I got him from the pound. Because Sally said she was lonely.

What happened to it? I say.

She mainly ignored it. Then one day it's dead.

How did it die?

Owen shoves in another mouthful of cheese puffs. He chews violently.

Are you saying she killed that puppy? I say.

You seem a righteous man, Travis. Ain't you?

What?

Owen leans in close. Are you a fisher of men? he says. Or a fisherman?

What the fuck are you talking about?

I was wondering, Owen says. If you might know where my Sally is now?

No, I say. I don't know where Sally is.

My Sally's gone, says Owen. Like a ghost.

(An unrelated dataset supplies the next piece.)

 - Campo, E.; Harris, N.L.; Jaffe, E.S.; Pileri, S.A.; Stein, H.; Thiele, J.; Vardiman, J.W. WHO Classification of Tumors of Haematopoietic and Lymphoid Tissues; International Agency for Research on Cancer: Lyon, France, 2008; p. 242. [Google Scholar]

I give Owen the high hat and get the fuck out of Pig. When I reach the apartment, the front door is locked and Rachel is gone. Grinch goes bugshit when I walk in. I guess he's glad to see me. I haven't given Rachel a key yet, because she hasn't asked for one. The fire escape. She went out the fire escape. I make a tomato sandwich and eat it sitting on the bed. I go to the bathroom and wash my hands. Throw water on my hair. I have to be at work soon. I try not to worry about Rachel. Tell myself I don't want to know where she is, what she's doing.

I tend bar at a cavernous industrial shithole called, appropriately, the Hole. The band hasn't started yet and the crowd is thin. The other bartender is out back doing coke. I slog beer and ashes along the bar with a towel. A girl with blurry red eyes and yellow hair takes a stool before me. She orders a draft. The tap is slow. The beer is cheap and warm.

What's your name? I say.

She's high, twitching. Her upper lip is pierced with a silver ring and she sucks on it. She wears a transparent gauze dress. Her belly is curved and hard. Heavy breasts. Swollen nipples.

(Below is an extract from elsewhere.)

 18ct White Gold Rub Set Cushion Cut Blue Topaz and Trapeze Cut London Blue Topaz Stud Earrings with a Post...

I stare. Are you pregnant?

The girl shrugs. Fuck off.

She pays for the beer with a handful of change.

Zoe calls at eleven. The music is loud, booming. I can barely hear her. My own voice seems to bounce back at me. The mouthpiece is sticky and wet. Zoe screams and I understand just three words. Rachel is here. I turn to the crowd. Distended arms and hair and faces.